Eğer Başkan Temsilciler Meclisi'nde ucu ucuna sağladığı çoğunluğu koruyabilirse mutlu olacak.
Kuşkusuz Bill Clinton'ın da böyle bir soğuk duşa maruz kaldığı hatırlanacaktır. Ancak Clinton şanslıydı, özellikle dar kafalı hatta biraz intikamcı bir muhafazakar bir çoğunlukla uğraşmıştı, tıpkı daha önce François Mitterrand'ın da Fransa'da sağcı hükümetin işbaşında olduğunda cumhurbaşkanlığı yapması gibi.
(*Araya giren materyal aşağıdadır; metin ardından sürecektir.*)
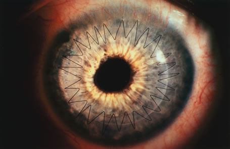 INDICATIONS Pain. When intractable pain persists despite medical therapeutic modalities, penetrating keratoplasty should be considered. If the patient is severely disabled, or if the eye has little visual rehabilitation potential, a conjunctival flap, anterior stromal puncture, or cautery of Bowman's layer may provide relief of pain. Penetrating keratoplasty may actually be an easier technical procedure in some instances compared with a conjunctival flap. In addition, the visual rehabilitation potential of keratoplasty creates an advantage when considering the other two aforementioned procedures. Visual Acuity. Enormous variability exists among surgeons regarding penetrating keratoplasty recommendations based on visual acuity decline. A variety of factors should be considered in concert with the amount of visual deterioration before deciding on a surgical treatment modality. Factors such as patient lifestyle, patient expectations, and surgical ability influence the decision to operate. Certainly, penetrating keratoplasty is warranted more for a patient with two decompensated corneas than for a patient with only one abnormal eye. A younger patient with specific job or lifestyle demands might expect better postoperative visual acuity when compared with a sedentary, elderly patient whose activities of daily living are achieved even with reduced vision. Regardless, if one eye is blind or absent, penetrating keratoplasty on the remaining eye should be postponed as long as patient comfort and function allow. Degree of Edema. Complete, diffuse corneal edema decreases the chance of successful penetrating keratoplasty because of tectonic changes in the structure of the eye. Edematous stroma is more difficult to suture and more likely to induce vascularization than in healthy corneal tissue. Successful surgery can still be performed if indicated, and a patient with severe corneal edema has a reasonable chance for useful vision in the absence of macular pathology or glaucoma. CONTRAINDICATIONS. Relatively few contraindications exist for penetrating keratoplasty in patients with corneal edema. Keratoconjunctivitis sicca, especially when associated with severe ocular surface diseases, such as ocular pemphigoid or Stevens-Johnson syndrome, prevents proper epithelial wound healing following penetrating keratoplasty; hence, the prognosis is guarded. Eyes with hypotony, as in early phthisis, will most likely result in loss of the eye with keratoplasty because of inability of aqueous production to meet the metabolic demands of the donor cornea. In addition, severe macular pathology that precludes adequate visual rehabilitation may be a relative contraindication to penetrating keratoplasty unless globe integrity is an issue. As long as corneal edema can be controlled enough to make the patient with macular disease comfortable, penetrating keratoplasty can be deferred. If corneal edema is associated with severe ocular surface disorders, the ocular surface disease should be addressed prior to proceeding with penetrating keratoplasty. Particular caution should be observed in performing penetrating keratoplasty in patients with neurotrophic corneas. A lateral tarsorrhaphy and/or punctal occlusion should be performed at the time of keratoplasty in patients with surface disease or neurotropic corneas. Posterior Keratoplasty Although penetrating keratoplasty is the surgical procedure of choice for replacement of diseased endothelium in cases of corneal endothelial failure, additional techniques for replacement of the posterior cornea only have been performed in hopes of alleviating some of the shortcomings from full-thickness keratoplasty procedures. Although Barraquer124 was the first to describe posterior corneal tissue transplantation under an anterior flap, Jones and Culbertson125 described endothelial lamellar keratoplasty in 1998. Azar and colleagues126 described variations of this technique in 2000 and termed the procedure microkeratome-assisted posterior. Both techniques use a microkeratome to create an anterior corneal flap and expose the posterior stromal bed. The posterior stromal bed is then trephined and excised, and the donor tissue is sutured in place. The anterior flap is secured over the transplanted tissue.125 A second technique of posterior keratoplasty pioneered by Melles and associates127–129 was further modified by Terry and Ousley130–131 in the United States and named deep lamellar endothelial keratoplasty. This procedure evades some inherent complications of full-thickness penetrating keratoplasty, such as high or irregular astigmatism, insufficient wound healing, and suture-related graft complications, by avoiding surface corneal incisions or sutures. A scleral wound is created, and a deep lamellar corneal pocket approximately three-fourths of the depth of the cornea is fashioned. The posterior stroma is trephined and excised from inside the corneal pocket with special instruments. The posterior aspect of the donor tissue is then secured in place with air tamponade in the anterior chamber, after which the scleral wound is sutured closed.130 Although these techniques are still in investigational stages, recent reports have shown success in patients following posterior keratoplasty.129,131 Both techniques allow replacement of the posterior stroma and endothelium without disrupting Bowman's layer and the anterior stroma, so postoperative corneal astigmatism is much less of a problem compared with full-thickness grafts. However, as with all lamellar procedures, interface haze may interfere with vision and best-corrected acuity may not be as good with these lamellar procedures as with penetrating grafts. Additional studies will help compare relative benefits of penetrating keratoplasty and posterior keratoplasty for treatment of irreversible corneal edema from endothelial disorders. |
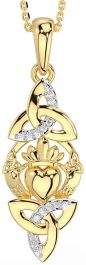 Diamond Gold Claddagh Celtic Trinity Knot Necklace

O halde konuşma yeteneği ve hatta siyasi yetenekleri vasatın çok üstünde olan bu genç başkanı şimdiden gömmek erken olacaktır. Beyaz Saray'da yolunda gitmeyecek olanları inceleyeceğimiz zaman Aristo'nun hep işe yarayan ayrımını, "bizim iktidarımızda olan olaylar" ve "açıkça müdahalede bulunamayacaklarımız" (ta ouk eph'emin) arasındaki ayrımı yapmamız gerekecektir. Açıktır ki, 2008'de başlayan geniş kitleleri etkileyen bir ekonomik ve toplumsal krizle karşı karşıya gelen bir başkan, kendinden yana sonuçlar veren istatistikler yardımıyla, sürekli olarak popülerliğini artıramaz. Ayrıca krizin başlaması sırasında halkın öfkesinin banka yöneticilerine ve Cumhuriyetçi Parti'nin Ronald Reagan'ın başkan seçilmesinden beri destek çıktığı finans sektörünün ayrıcalıklılarına yöneldiğini de kaydedelim. İki yıl sonra belki henüz öfke sona ermiş değil, ancak sorumluların arayışı daha dengeli olmaya başlıyor. Yeri gelmişken bazı eleştirmenler tarafından dikkatli bir şekilde bastırılan ırksal sorunun da saklı olduğunu belirtebiliriz.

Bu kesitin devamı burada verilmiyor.